### Work item:
Skip the pictures, please, and write out exactly the lines from the opening of the data through the line containing "Small office approximately".

Segment Open

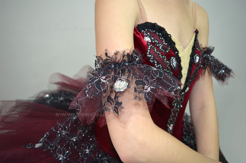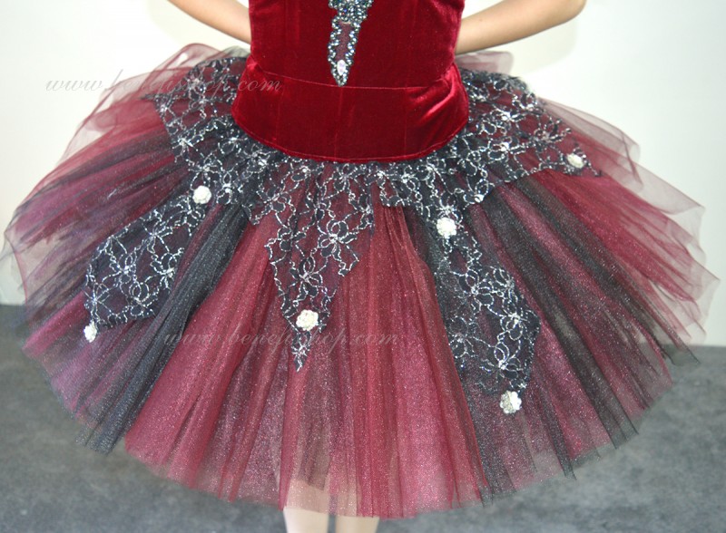 The skirt consists of 9 layers. The 3 upper layers are made of soft tulle, the other layers are made of stiff tulle. The length of the skirt is made according to the customer’s wish.
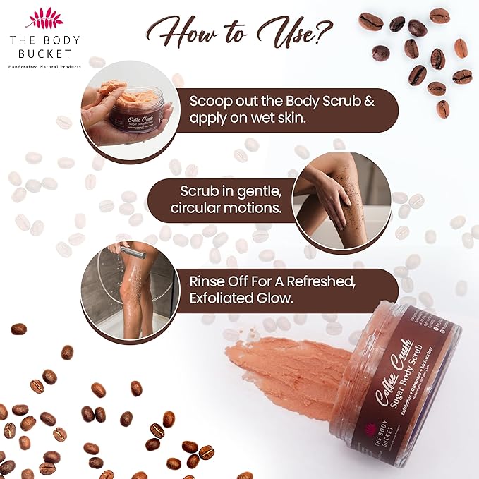 Revitalize your skin with The Body Bucket Coffee Crush Body Scrub, an indulgent 3-in-1 treatment that exfoliates, cleanses, and hydrates your skin to perfection. Infused with the nourishing power of Coffee Extract and Coconut Oil, this handcrafted scrub leaves your skin feeling irresistibly soft, smooth, and radiant. The invigorating coffee fragrance provides an energizing boost to your skincare routine, transforming it into a luxurious experience.
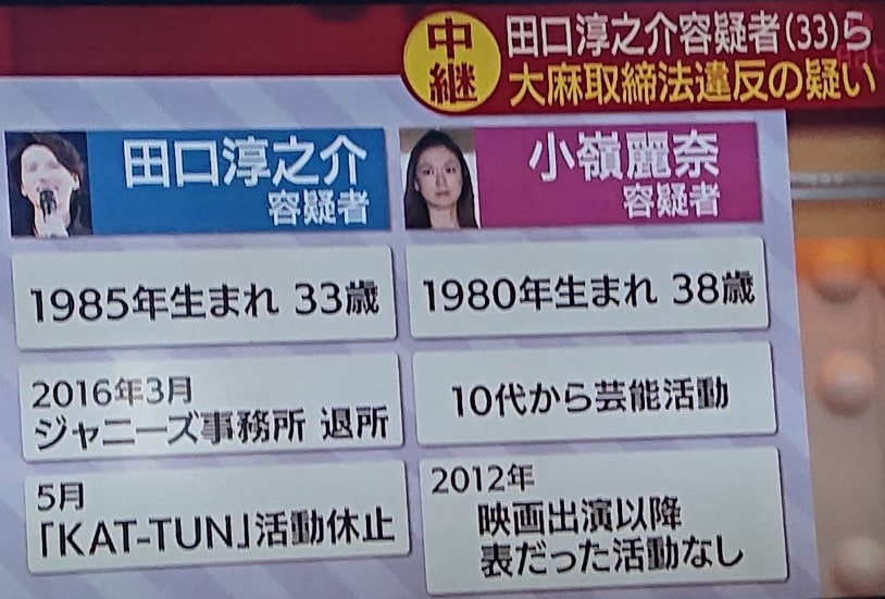 田口淳之介と恋人の小嶺麗奈を大麻取締法違反容疑で逮捕
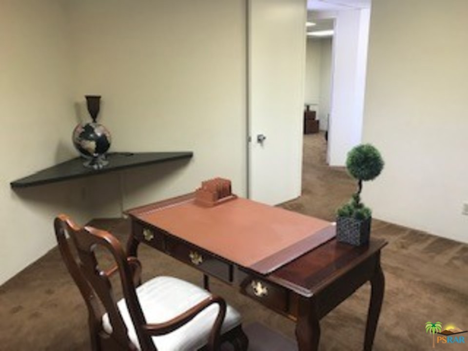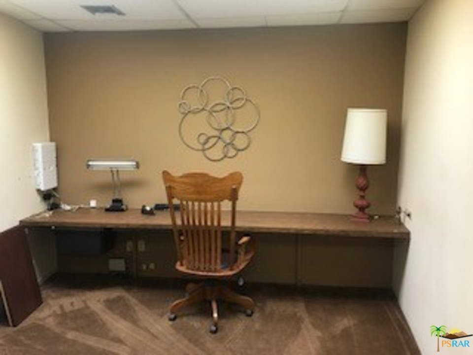 Small office approximately 225 sq. ft. seperate from other offices upstairs. One unit downstairs, 500 sq. ft. with private restroom. $800. Other office available is 1075 sq. ft for $1000 a month. Security gates upstairs and cameras. Hwy 111 frontage. Great tenants occupy building. Extra parking in back. Offices can be rented fukrnished for extra per month. Landlord pays utilities and maintenance.
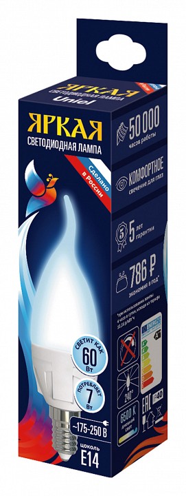 ULUL-00011016 Лампа светодиодная Uniel яркая E14 7Вт 6500K UL-00011016

Segment Closed

### Finished task:
 The skirt consists of 9 layers. The 3 upper layers are made of soft tulle, the other layers are made of stiff tulle. The length of the skirt is made according to the customer’s wish.
 Revitalize your skin with The Body Bucket Coffee Crush Body Scrub, an indulgent 3-in-1 treatment that exfoliates, cleanses, and hydrates your skin to perfection. Infused with the nourishing power of Coffee Extract and Coconut Oil, this handcrafted scrub leaves your skin feeling irresistibly soft, smooth, and radiant. The invigorating coffee fragrance provides an energizing boost to your skincare routine, transforming it into a luxurious experience.
 田口淳之介と恋人の小嶺麗奈を大麻取締法違反容疑で逮捕
 Small office approximately 225 sq. ft. seperate from other offices upstairs. One unit downstairs, 500 sq. ft. with private restroom. $800. Other office available is 1075 sq. ft for $1000 a month. Security gates upstairs and cameras. Hwy 111 frontage. Great tenants occupy building. Extra parking in back. Offices can be rented fukrnished for extra per month. Landlord pays utilities and maintenance.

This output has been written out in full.